Comparative Benchmarks and Conclusions
Definition of the GFFT object factory means instantiation of all needed GFFT template classes during compilation. Each of them includes
O(P) recursive template classes. A reasonable question: how long will the compilation take? GNU C++ 4.x was used to compile performance tests shown in Figures 1 and 2, and took about 10 seconds with optimization keys for a full range of values P in the object factory, because the overall number of different templates to be instantiated stays small. Microsoft Visual C++ 2003 and Intel C++ 8.x and later versions showed similar results, although not all C++ compilers can treat the recursive templates of the GFFT so efficiently. I suppose some older compilers try to instantiate template classes for each member function call even if the template classes are the same. There exist
O(2^P) such member function calls in the GFFT. As a result, the compilation hangs and finally fails, after entire memory has been exhausted. Those unlucky examples are IBM C++ 6 (Visual Age) and GNU C++ 3.x, but not GNU C++ 2.96! They could compile the GFFT object factory without optimization options quite fast, but hung with optimization turned on.
A nice property of the GFFT that distinguishes it from other well known FFT libraries is that a runtime computation of roots of unity using sine and cosine functions is not needed any more. Usual FFT implementations of known libraries like FFTW or Intel MKL proceed in two steps:
The second step can be repeated for different data of the same length. The GFFT omits the first step without any additional penalty. Figure 2 shows benchmarks of the GFFT compared to FFTW with options FFTW_ESTIMATE and FFTW_MEASURE as well as routine zfft1dc from Intel MKL 7.0, where total CPU time of both steps was measured. Being very good for small P, the performance of FFTW become poor for large P. The only hardware optimized Intel MKL has a similar high performance comparing to the GFFT. Qualitatively the same benchmark results were obtained on Itanium2 processor with Intel C++ compiler.
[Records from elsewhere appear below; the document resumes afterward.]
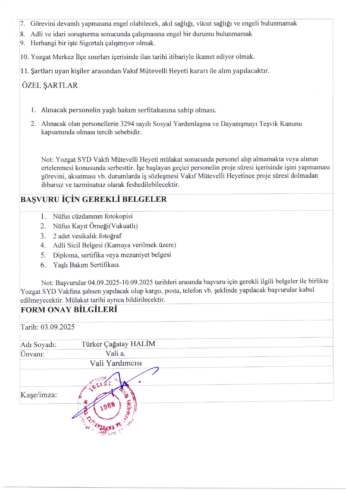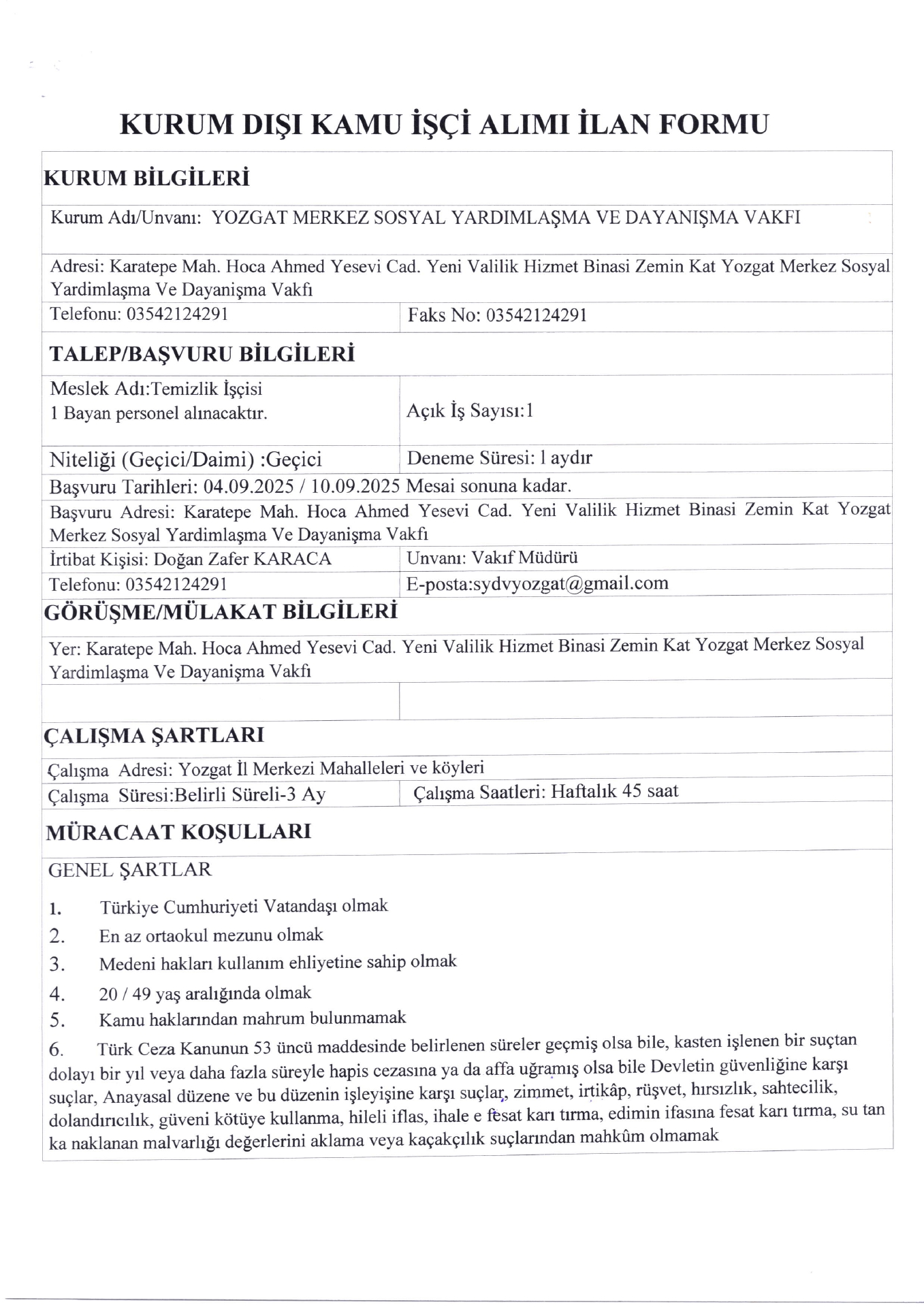 Yozgat Merkez SYDV Geçici 1 İşçi Alacak. Son başvuru tarihi 10 eylül 2025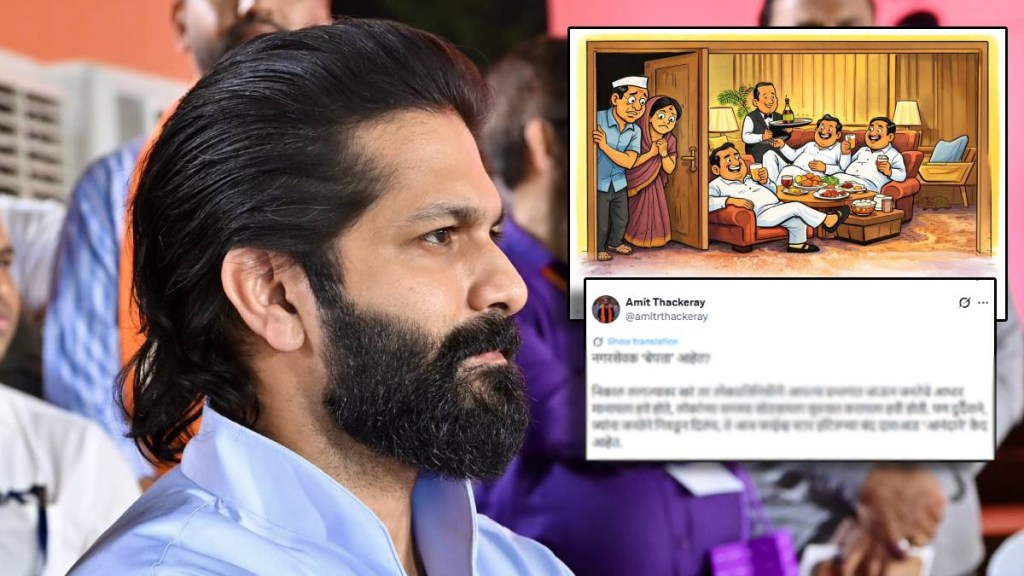 “नगरसेवक ‘बेपत्ता’ आहेत?” असा प्रश्न विचारत अमित ठाकरे म्हणाले की, “निकाल लागल्यावर खरं तर लोकप्रतिनिधींनी आपल्या प्रभागात जाऊन जनतेचे आभार मानायला हवे होते, लोकांच्या समस्या सोडवायला सुरुवात करायला हवी होती. पण दुर्दैवाने, ज्यांना जनतेने निवडून दिलंय, ते आज फाईव्ह स्टार हॉटेलच्या बंद दाराआड ‘आनंदाने’ कैद आहेत.”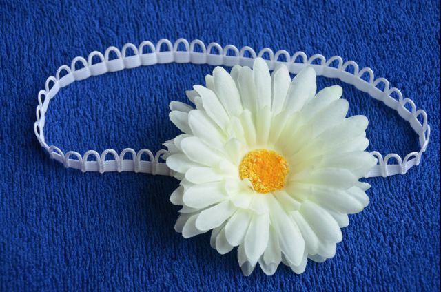 krásná velká kopretinková čelenka na ozdobné pružné gumce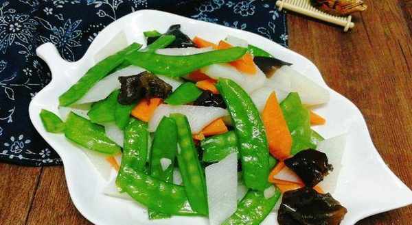 1、黑木耳提前泡發,撕成小朵;山藥去皮切片用清水浸泡,防止氧化發黑;胡蘿卜去皮洗凈後切片,荷蘭豆撕掉老筋,洗幹凈備用。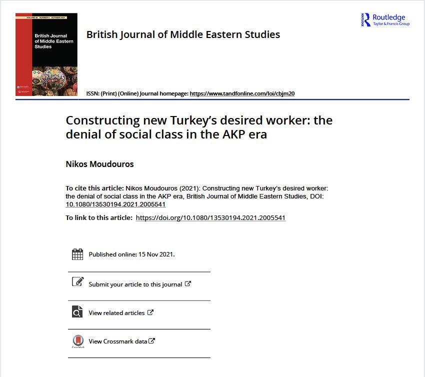 The process of intensification of authoritarianism in Turkey was characterized by the attempt to monopolize state power and marginalize the opposition. At the same time, however, the intensity of authoritarianism extended beyond the institutional level of the state and decisively affected many levels of social relations. This article analyses one of the many expressions of the relationship between authoritarianism and neoliberalism at social class level and the attempt to construct a disciplined working class committed to the state’s strategies. It focuses on the analysis of the content of ‘desired worker’ and ‘desired trade unionism’ which the AKP government tries to impose, aiming to intensify control over sections of labourers. Analysing the content of social class, but even more specifically the content the government aims to attribute to the concept of working class and trade unionism, this study contributes towards a more general understanding of the development of authoritarianism. Decoding the different perceptions and ways the Erdoğan government exploits them in order to shed them of their class content, this article aims at a better comprehension of power mechanisms and mechanisms reproducing social inequality.

Finally, I would like to make a general conclusion as to the differences between the GFFT and traditional implementation. What made the GFFT so efficient? The essential step was the assumption of P to be static constant. The reason was not simply to play with template metaprogramming, but to give additional information to the compiler, so that it could optimize the code better. Really, many numerical algorithms have some integer parameters, which vary in a small range (like P in FFT). It can be assumed static and should be used as far as possible in template metaprogramming, but not to overload the compiler taking care about the total number of template classes to be instantiated. The final implementation can be more efficient, since the compiler has got more information and so an opportunity to optimize the code. You can use such an implementation originally with static parameter or compile it for all possible or needed parameter values within object factory and use as a library. The latter means you can choose highly optimized pieces of code without dynamic bindings at runtime.
This article described a C++ implementation technology on example of simple classical Cooley-Tukey FFT algorithm. Of course, there are many advanced and more complicated FFT algorithms, such as Winograd FFT, parallelized FFT, and the like. Those modern FFT approaches can also take advantages of template recursion and metaprogramming to improve performance significantly.